Data excerpt>
== Segment start ==

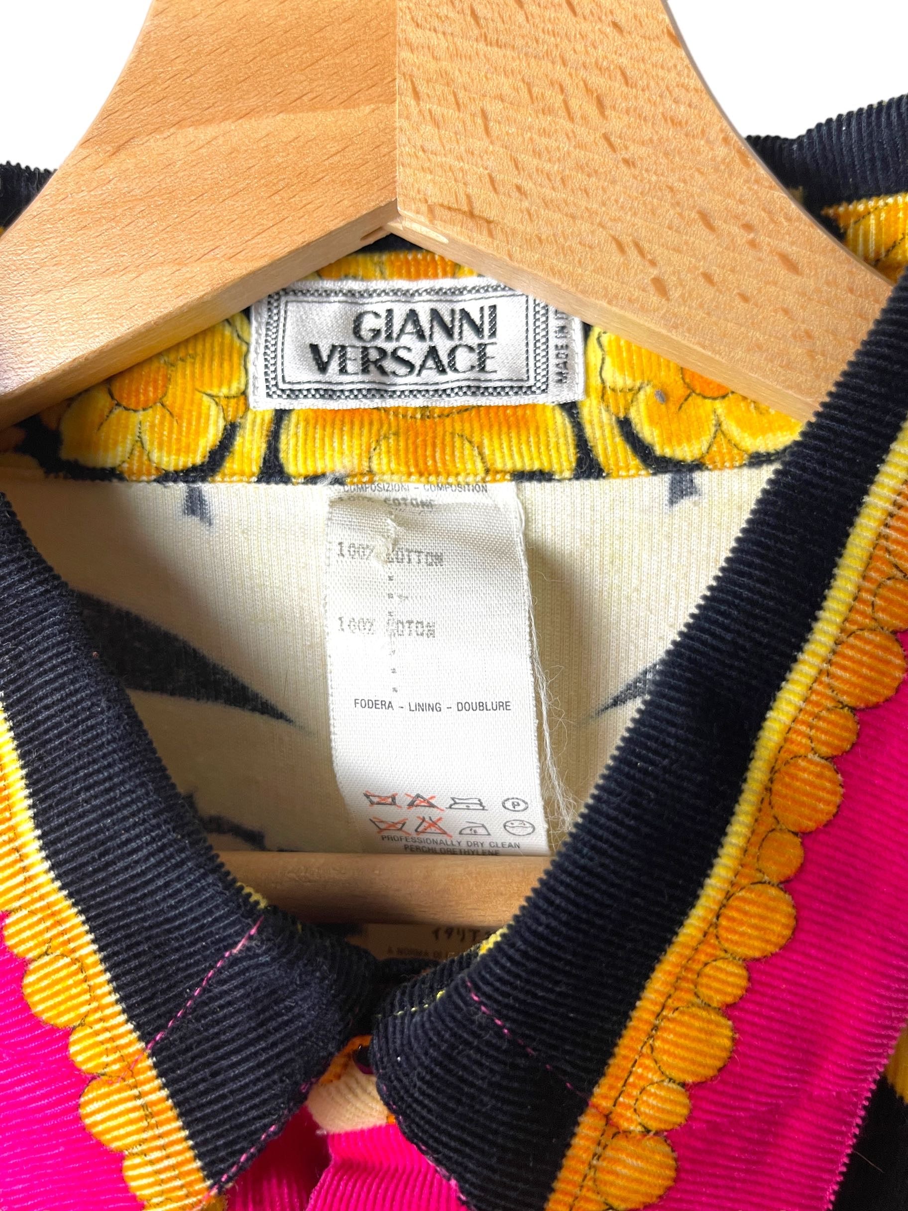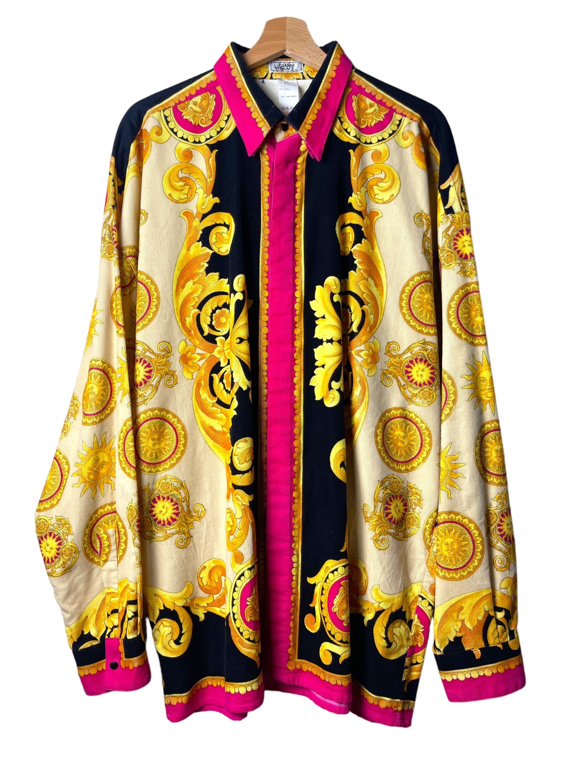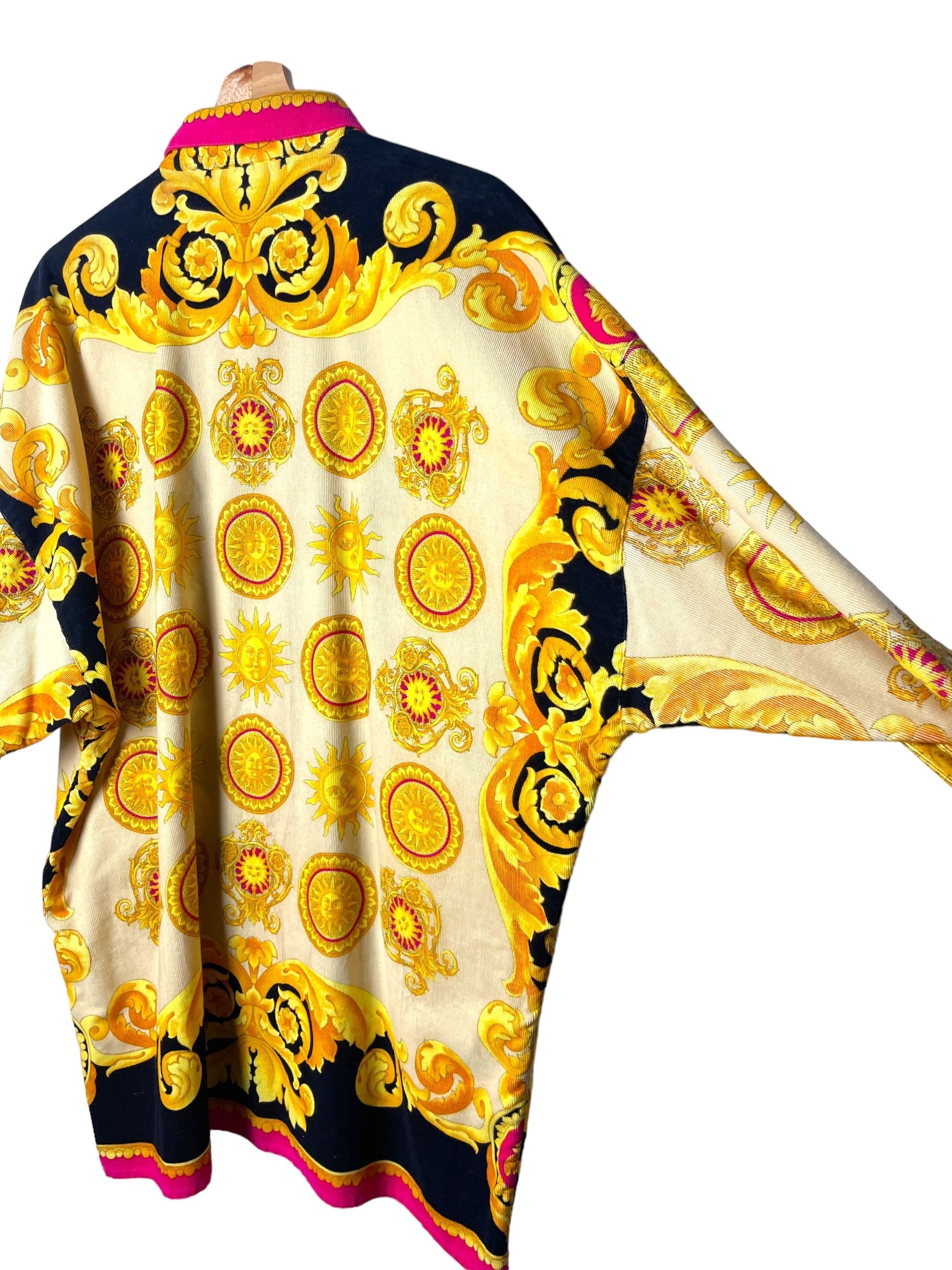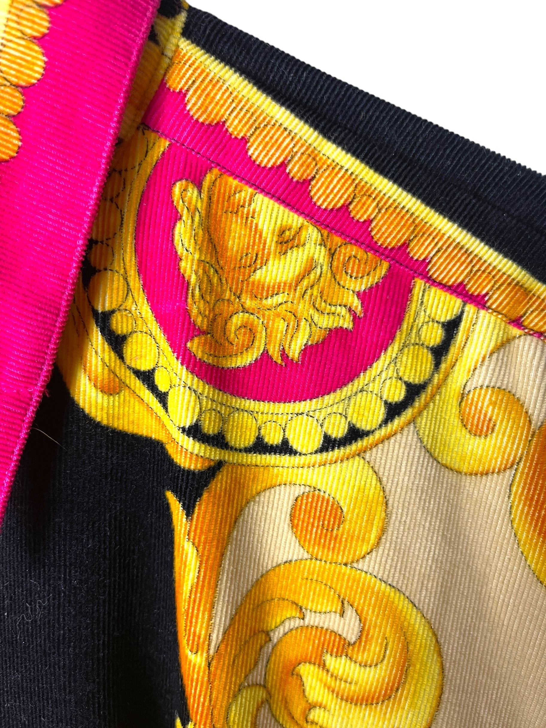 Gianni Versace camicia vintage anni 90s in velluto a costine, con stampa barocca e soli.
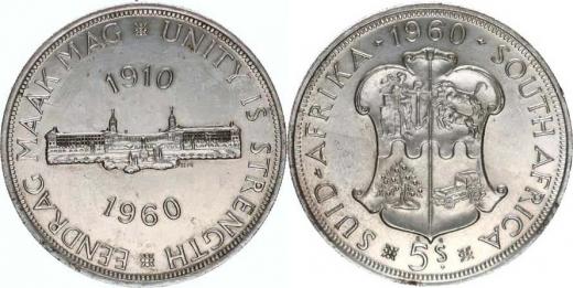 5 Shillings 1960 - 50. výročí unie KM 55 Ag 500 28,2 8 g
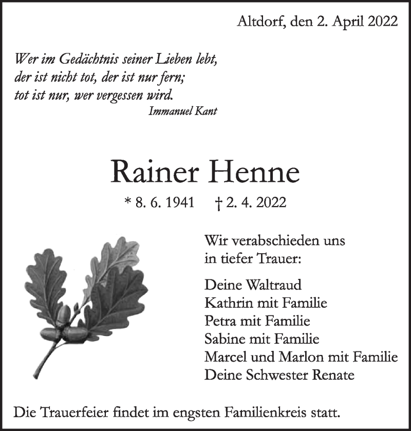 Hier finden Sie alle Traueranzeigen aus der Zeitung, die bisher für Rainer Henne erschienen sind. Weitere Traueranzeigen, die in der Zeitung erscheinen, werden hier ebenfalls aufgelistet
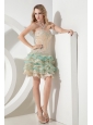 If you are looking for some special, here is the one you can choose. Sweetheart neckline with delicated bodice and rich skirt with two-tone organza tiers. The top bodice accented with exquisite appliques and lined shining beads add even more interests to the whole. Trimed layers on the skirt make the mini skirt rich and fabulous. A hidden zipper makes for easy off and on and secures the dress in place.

== Segment end ==

What the task requires> What is needed is the exact run of lines from the start of the data through the line with "Hier finden Sie", both ends included, minus the pictures.

Expected answer>
 Gianni Versace camicia vintage anni 90s in velluto a costine, con stampa barocca e soli.
 5 Shillings 1960 - 50. výročí unie KM 55 Ag 500 28,2 8 g
 Hier finden Sie alle Traueranzeigen aus der Zeitung, die bisher für Rainer Henne erschienen sind. Weitere Traueranzeigen, die in der Zeitung erscheinen, werden hier ebenfalls aufgelistet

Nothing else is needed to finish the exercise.